Nebraska’s Bo Pelini stresses the values of his Valley home




Bob Hannon, left, president and chief professional offi cer of the United Way of Youngstown and the Mahoning Valley, watches as University of Nebraska football coach Bo Pelini autographs miniature football helmets during the organization’s “Champions Among Us” banquet Tuesday at Antone’s Banquet Centre in Boardman. Pelini, a graduate of Cardinal Mooney High School and The Ohio State University, spoke about how pride in his roots molded him into a successful coach.

Pride in the roots that molded him into a successful football coach was the theme of Cardinal Mooney High graduate Bo Pelini’s speech at the United Way Champions Among Us banquet on Tuesday night.

“I am so proud of not only growing up here, but of the people that I know, so many great friends,” said Pelini who is preparing for his third season as the head coach at the University of Nebraska. “I try to work day in and day out to make you guys all proud of what we’re doing at Nebraska.

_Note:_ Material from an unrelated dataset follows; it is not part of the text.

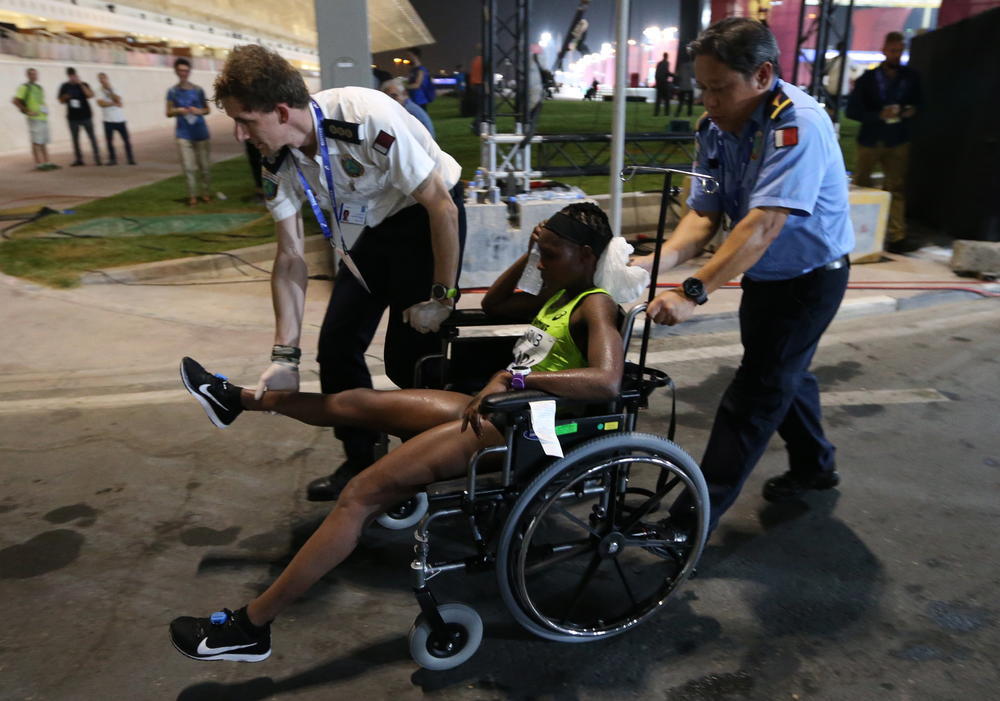 Veliki broj takmičarki noćnog maratona koji se održao u okviru Svetskog prvenstva u Dohi sa staze je izneto na nosilima, u kolicima, na rukama...

“I know that Coach [Bob] Stoops [Oklahoma], my brother Carl [Nebraska defensive coordinator], and everybody else who’s out there in college coaching [from here] feels the same way.”

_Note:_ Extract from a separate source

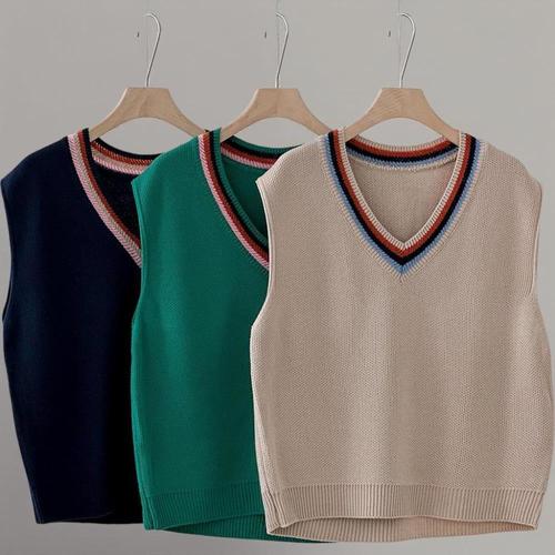 POMTOR 여성 춘추 니트 조끼 패치워크 트렌디

Pelini’s speech at Antone’s Banquet Centre capped a three-day Mooney reunion the included the Pelini’s and the Stoops brothers — Ron, Bob, Mike (Arizona) and Mark (Florida defensive coordinator).

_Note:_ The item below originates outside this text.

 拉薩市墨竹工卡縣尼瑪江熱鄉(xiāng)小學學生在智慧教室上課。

“It’s a very principle-oriented place and value-oriented place,” Pelini said of Youngstown. “I think about the people that I was exposed to growing up and I feel real fortunate to have grown up here.”

Three weeks ago, Pelini’s university kicked off a tumultuous week for college football when Nebraska accepted an invitation to join the Big Ten and leave the Big 12.

“I wasn’t really privvy to a lot of things that were going on and what was being said,” said Pelini, whose opinion was sought by university leaders. “From my perspective, it was really do what’s best for the university as a whole. It went well beyond athletics.

“It really goes to the academics side, the research ability of the university and how that was going to be enhanced over the long haul and what was in the best interests of the university as a whole,” said Pelini, who played for Ohio State. “I trusted the powers that be that they would make the best decision for the university.

Asked to evaluate the move, Pelini said, “We were in a great conference and we’re just moving to another great conference.

“I’m familiar with the Big Ten, I’m familiar with everything that comes along with coming back to the area here from playing in the Big Ten,” Pelini said. “But I’m not as familiar with the teams we’re going to be playing so I have a lot of work to do next offseason.”

Pelini’s 2002 decision to try coaching at the collegiate level has paid off.

“It was a tough decision [with] nine years invested in the NFL,” said Pelini of becoming Nebraska’s defensive coordinator. “It was really a decision that my wife Mary Pat and I made together. We wanted to see what that lifestyle would bring for our family.

“My goal was to someday be a head coach in whatever level, so I decided it was a little bit of a gamble but one that worked out.”

The journey had some ups and downs. Nebraska fired Frank Solich after the 2003 season and hired fired Oakland Raiders coach Bill Callahan instead of Pelini.

Oklahoma’s Bob Stoops hired Pelini as co-defensive coordinator and the Sooners played Southern Cal in the BCS Championship game.

From 2005-07, Pelini was defensive coordinator for LSU, which defeated Ohio State in the BCS game following the 2007 season.

When Nebraska fired Callahan after the 2007 season, Pelini was hired.

Pelini said being head coach isn’t much different.

“Now I apply my beliefs and my principles to the football team as a whole rather than just the defensive side,” Pelini said. “You’re always learning.”

As for coaching against the Buckeyes, Pelini said, “I’ve done it a couple of times before but it will be different especially when eventually we walk into Ohio Stadium.

“It’s a special place and a great university,” Pelini said who attended Ohio State from 1986-90. “Obviously, Coach [Jim] Tressel has done a phenomenal job so it will be a really big challenge for us. I look forward to the challenge. With all the tradition with the Big Ten, it’s a great fit for our university and we really looking forward to the future.”